I remember that it was an early Saturday morning, but not what set the conversation off. I probably made a silly joke at somebody’s expense. One girl turned to me and told me that what I said triggered her.

I was incredibly alarmed and apologetic for a few seconds, until I realized that she wasn’t, in fact, triggered — as in, having a flashback to a traumatic episode, or feeling overwhelmed by sudden panic, or experiencing an urge to once again engage in a past detrimental behaviour. She just thought she’d pulled the perfect comeback in our verbal repartee.

I told her she shouldn’t throw that word around. She didn’t get it.
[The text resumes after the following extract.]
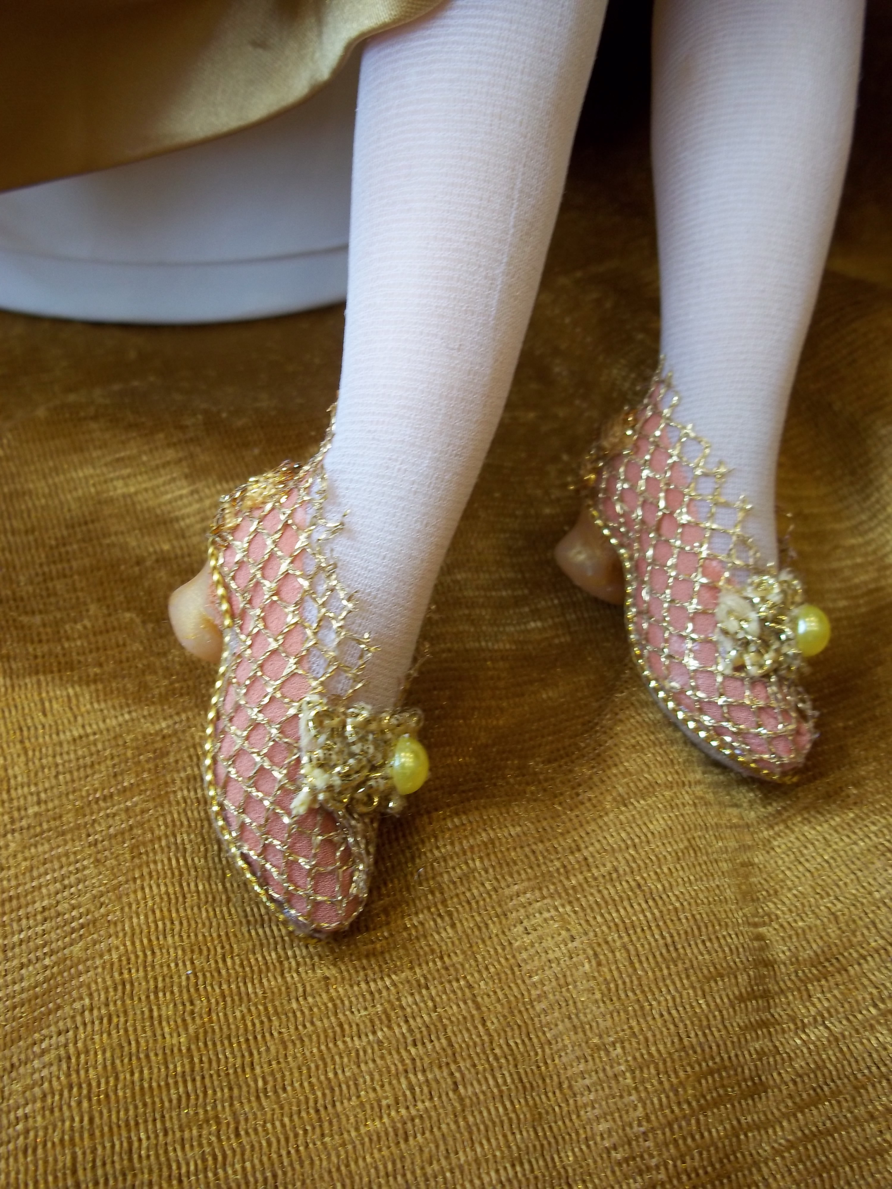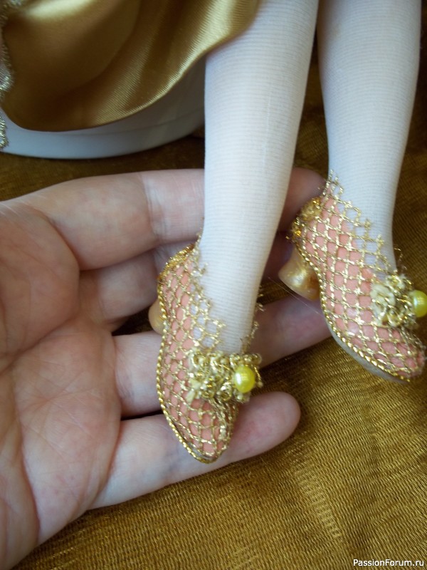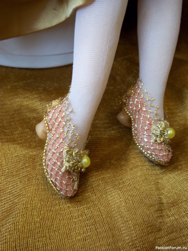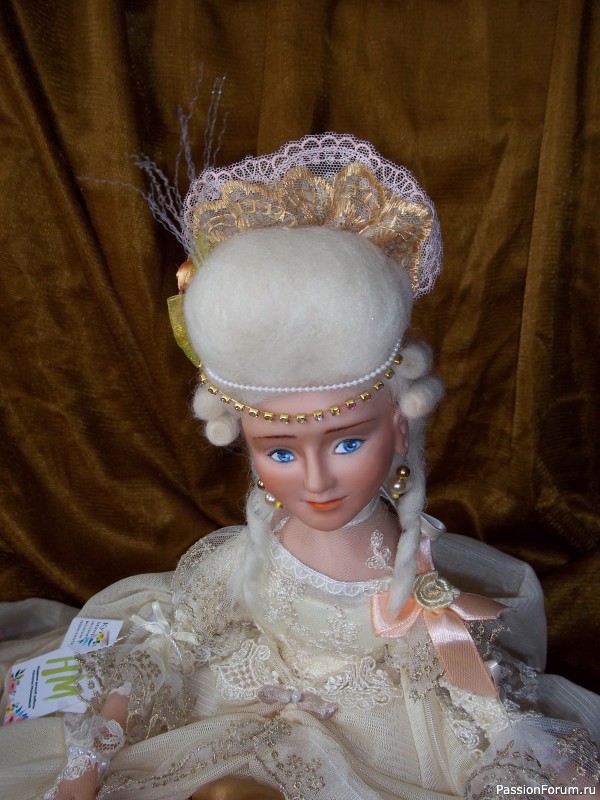 Анна- прекрасная кукла! Мне, кажется, она Вам удалась лучше остальных, очень продуманны образ и все детали. Единственное, нижнюю юбку, наверное, надо было персикового цвета, как лента и туфельки. Кстати, туфельки просто великолепны!

So I explained the word “triggered,” and how it wasn’t the best choice for casual conversation, because it alludes to a genuine negative reaction from people with PTSD and anxiety disorders. I pointed out that her sarcastic use was very much like that of the people on the Internet who use it ironically to refer to pointless issues which, intentionally or not, makes a mockery of a very real phenomenon.

Her irked response was that well, she didn’t know, so that made it OK, and she’d keep saying it, too, because what did it matter, if her intention wasn’t to hurt anyone?

Personally, I feel like it matters to people who don’t have the luxury of choosing what does and doesn’t hurt.

I’ve never needed content warnings, so I won’t claim to speak for people who do. But I’m sick of seeing people co-opt others’ pain so they can pepper their speech with “trendy” and “edgy” words. More broadly, I’m sick of people using words they don’t understand.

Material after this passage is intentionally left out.